### What needs to be done
Your answer must be the lines from the first one in the material through the line with "Remember when I", retyped exactly and with no pictures.

### Collected data
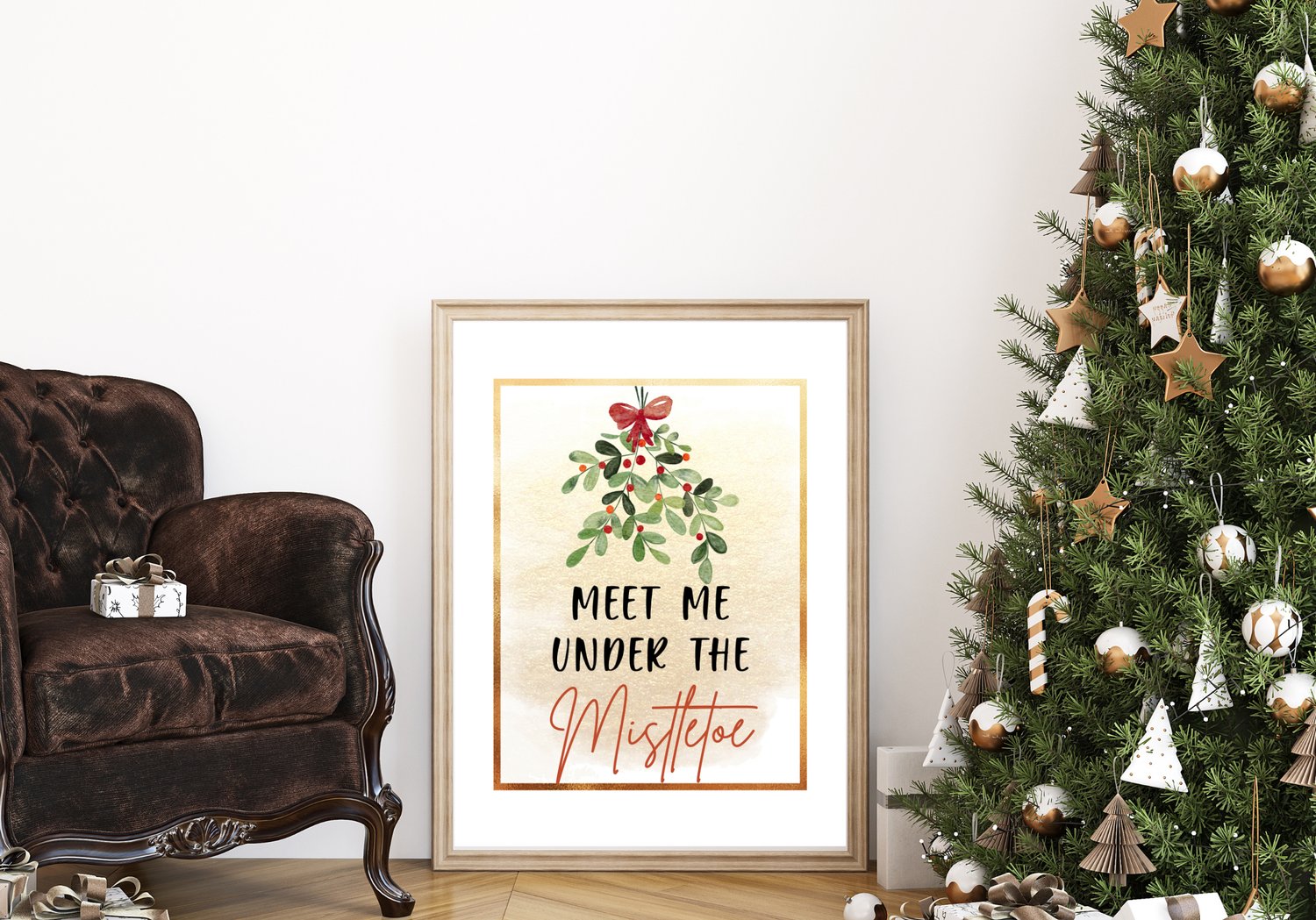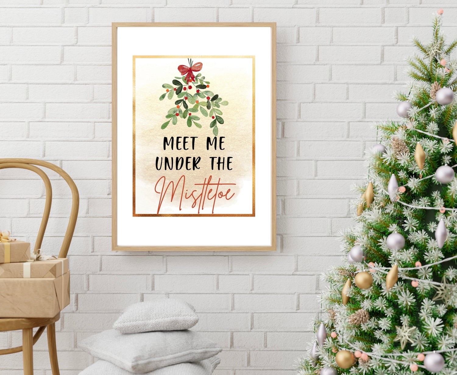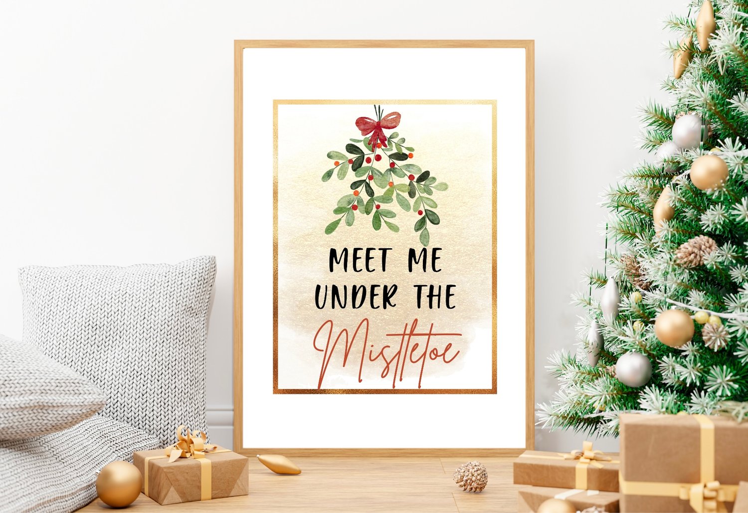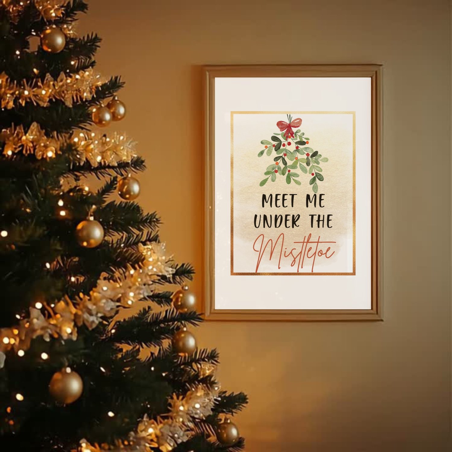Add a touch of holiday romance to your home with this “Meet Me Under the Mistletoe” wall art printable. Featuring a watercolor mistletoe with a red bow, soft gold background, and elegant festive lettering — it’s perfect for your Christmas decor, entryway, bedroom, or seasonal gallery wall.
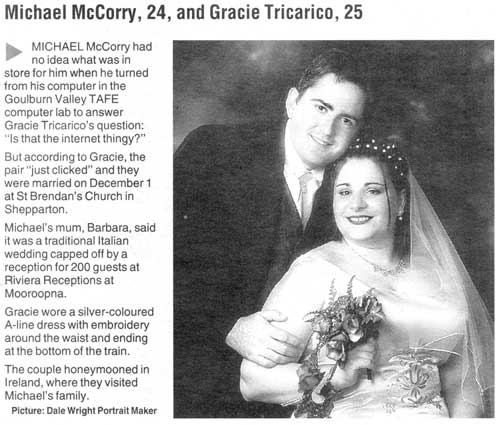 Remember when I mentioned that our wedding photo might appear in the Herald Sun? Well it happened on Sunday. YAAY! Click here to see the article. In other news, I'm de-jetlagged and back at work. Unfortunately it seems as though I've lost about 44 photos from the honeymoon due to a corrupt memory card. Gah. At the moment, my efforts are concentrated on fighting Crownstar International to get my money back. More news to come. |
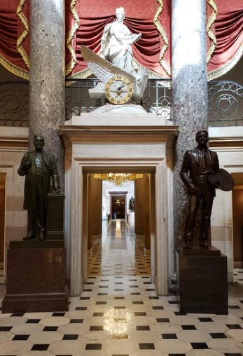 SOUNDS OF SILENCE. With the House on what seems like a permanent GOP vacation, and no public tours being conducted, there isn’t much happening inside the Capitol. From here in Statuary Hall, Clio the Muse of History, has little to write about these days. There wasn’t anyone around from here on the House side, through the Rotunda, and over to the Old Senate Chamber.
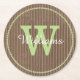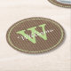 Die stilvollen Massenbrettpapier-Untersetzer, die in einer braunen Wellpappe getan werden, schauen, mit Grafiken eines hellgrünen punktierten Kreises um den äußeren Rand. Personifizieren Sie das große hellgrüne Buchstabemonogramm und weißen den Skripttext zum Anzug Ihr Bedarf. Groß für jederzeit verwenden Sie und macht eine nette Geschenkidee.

### Output for this exercise
Add a touch of holiday romance to your home with this “Meet Me Under the Mistletoe” wall art printable. Featuring a watercolor mistletoe with a red bow, soft gold background, and elegant festive lettering — it’s perfect for your Christmas decor, entryway, bedroom, or seasonal gallery wall.
 Remember when I mentioned that our wedding photo might appear in the Herald Sun? Well it happened on Sunday. YAAY! Click here to see the article. In other news, I'm de-jetlagged and back at work. Unfortunately it seems as though I've lost about 44 photos from the honeymoon due to a corrupt memory card. Gah. At the moment, my efforts are concentrated on fighting Crownstar International to get my money back. More news to come. |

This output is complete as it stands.